Using ultrasound or CT to monitor patients with small abdominal aortic aneurysms (AAA) is just as safe as performing major open surgery to correct the lesions, according to an eight-year study. Researchers from the Minneapolis VA Medical Center presented their conclusions at last month's American Heart Association conference in New Orleans.
"Aortic aneurysm is the 13th leading cause of death in the United States and most of these deaths are due to rupture of the AAA," said Dr. Frank Lederle, professor of medicine at the University of Minnesota and a clinician at the VA Medical Center. About 9,000 such deaths occur each year, he added.

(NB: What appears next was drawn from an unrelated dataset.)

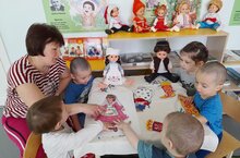 Бүген тәрбияче Гөлсинә Тауфиковна балаларны театр сәнгатенең төрләре белән таныштырды.Балалар төрле әкиятләрне,шигырьләрне искә төшерделәр .Аннары рольләргә бүлеп уйнап карадылар. -

Although surgery has been recommended for aneurysms 4 cm in diameter and larger, there has been some controversy regarding the appropriate course of action for smaller lesions, especially those in the middle zone between 4 cm and 5 cm.
Doctors have debated at what point the aneurysm becomes so dangerous that the risk of rupture -- which usually results in death -- outweighs the risk of undergoing the difficult open AAA repair operation, Lederle said. The diameter of the AAA is the strongest known predictor of rupture, but small aneurysms are more common than the larger ones, he said. In 1992, the Society for Vascular Surgery recommended elective surgery for patients with AAAs larger than 4 cm.
About 1,136 veterans took part in the VA's Aneurysm Detection and Management (ADAM) study, which followed treatment and outcomes over an average of five years. Because the study was conducted in VA centers, 99% of the patients in the study were men with ages ranging from 50 to 79 years. About 42% of these patients had coronary artery disease.
If imaging techniques discovered an AAA between 4 and 5.5 cm, patients were randomized to receive either surgery within six weeks or they were followed every six months by ultrasound or CT to assess the size of the aneurysm.
Lederle said that after eight years, there were 141 deaths among the 569 patients who were placed in the surgery cohort, compared with 121 deaths among 567 patients in the surveillance cohort. The difference was not considered statistically significant, Lederle said.
During the course of the study, 92% of the patients who were assigned to surgery had undergone the procedure, and despite the extensive operation, mortality at 30 days was very low, Lederle said. There was a 2.1% percent operative mortality in the surgery group, and a 1.5% mortality among those who were originally assigned to surveillance, but later went on to receive surgery.
Notably, about 61% percent of the surveillance group eventually underwent the operation, including about 8.8% of patients who had surgery even though they were still within the protocol window for watchful waiting. Lederle said most of the protocol violations were patient-initiated.
The ADAM study found that "long-term survival is not improved by repair of AAA smaller than 5.5 cm when compared with imaging every six months, even when operative mortality is very low," Lederle said. "Deferring repair until the AAA has enlarged to 5.5 cm does not increase operative mortality, and rupture is rare in AAA smaller than 5.5 cm."